China released a mixed batch of economic data on Friday showing a slump in exports and imports was gradually easing, but lingering deflationary pressures underlined the challenges policymakers face in trying to engineer a stronger economic recovery.
China's policy support measures over recent months have begun to stabilise some parts of the world's second-biggest economy, but a long-running property crisis, a slowdown in global growth and geopolitical tensions continue to drag on broader activity as well as consumer and business confidence.
Exports in September declined 6.2 per cent from a year ago, moderating somewhat from a drop of 8.8 per cent in August, and beating economists' forecast for a 7.6 per cent fall in a Reuters poll.
The trend appeared to be backed up by new export orders in an official factory survey two weeks ago which showed improvement last month, partly because of a peak export shipping season for Christmas products and favourable base effects.
"There's increasing evidence that the cyclical upturn in the global electronics sector is driving a bottoming-out of global trade and China's trade data is the latest sign," said Xu Tianchen, senior economist at the Economist Intelligence Unit.
"This gives reason for optimism about a rosier trade picture in 2024," he added.
South Korean exports to China, a leading indicator of China's imports, fell at their slowest pace in 11 months in September. Semiconductors make up the bulk of their trade, signalling improving appetite among Chinese manufacturers for components to re-export in finished goods.

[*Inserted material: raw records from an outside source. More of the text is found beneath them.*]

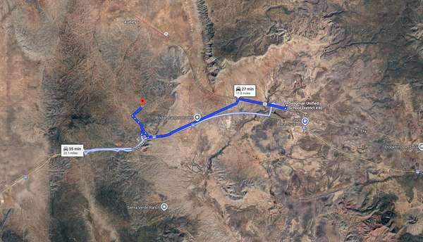Dirt road from Route 66. High and dry, not in the floodplain.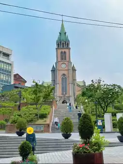 A cathedral with a solemn and quiet atmosphere that is a stark contrast to the hustle and bustle of the glamorous Myeongdong🕍✨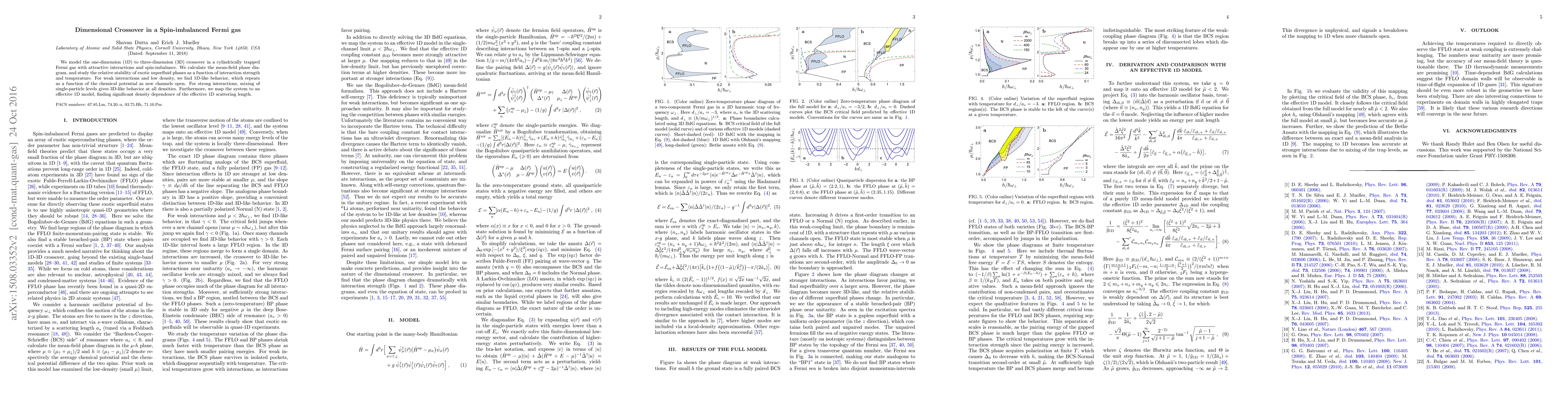The research models the 1D to 3D crossover in a cylindrically trapped Fermi gas with attractive interactions and spin-imbalance using mean-field theory and Bogoliubov-de Gennes formalism. It calculates the mean-field phase diagram and examines the stability of exotic superfluid phases as a function of interaction strength and temperature.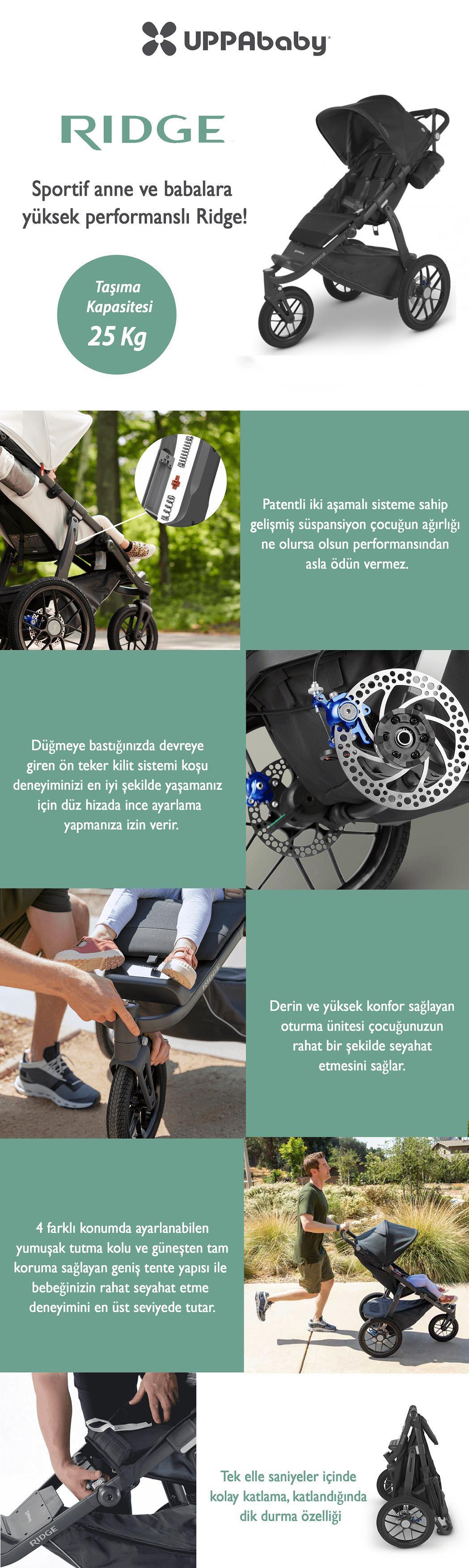 Akıllı, ayarlanabilir, manevra ve yol tutuş özelliği ile sorunsuz bir sürüş sunan Ridge, bebeğinizle konforlu bir gezinti dışında koşu gibi farklı deneyimleri de yaşamanızı sağlar. Özellikle yokuş aşağı koşarken bile yavaşlamanızı sağlayan el freni sistemi üstün güvenlik sunar. Düğmeye bastığınızda devreye giren ön teker kilit sistemi koşu deneyiminizi en iyi şekilde yaşamanız için düz hizada ince ayarlama yapmanıza izin verir.

Global trade activity, represented by the Baltic Dry Index, also reported notable growth in September.
However, Lv Daliang, spokesperson of the General Administration of Customs, said at a press conference on Friday that China's trade still faces a complex and severe external environment.
China's exports to the ASEAN nations, which have become the Asian giant's largest trade partner amid rising tensions with the United States and Europe over trade, technology and geopolitics, contracted further in September from a month earlier.
Elsewhere, China's commodities data also presented a mixed picture. Its crude oil imports in September grew nearly 14 per cent from a year earlier, while imports of copper - used widely in the construction, transport and power sectors - fell 5.8 per cent year-on-year.
Overall, though, total merchandise imports fell at a slower pace, down 6.3 per cent, reflecting a gradual recovery in domestic demand. They missed the 6 per cent decline forecast in the poll but came in better than a 7.3 per cent contraction in August.
That resulted in a broader trade surplus of USD 77.71 billion in September, compared with a USD 70 billion surplus expected in the poll and USD 68.36 billion in August.
Stocks in China largely tracked falls overseas, with the blue-chip CSI300 Index falling 1 per cent, as global markets fretted over stronger-than-expected US inflation data and concerns the Federal Reserve will keep interest rates higher for longer.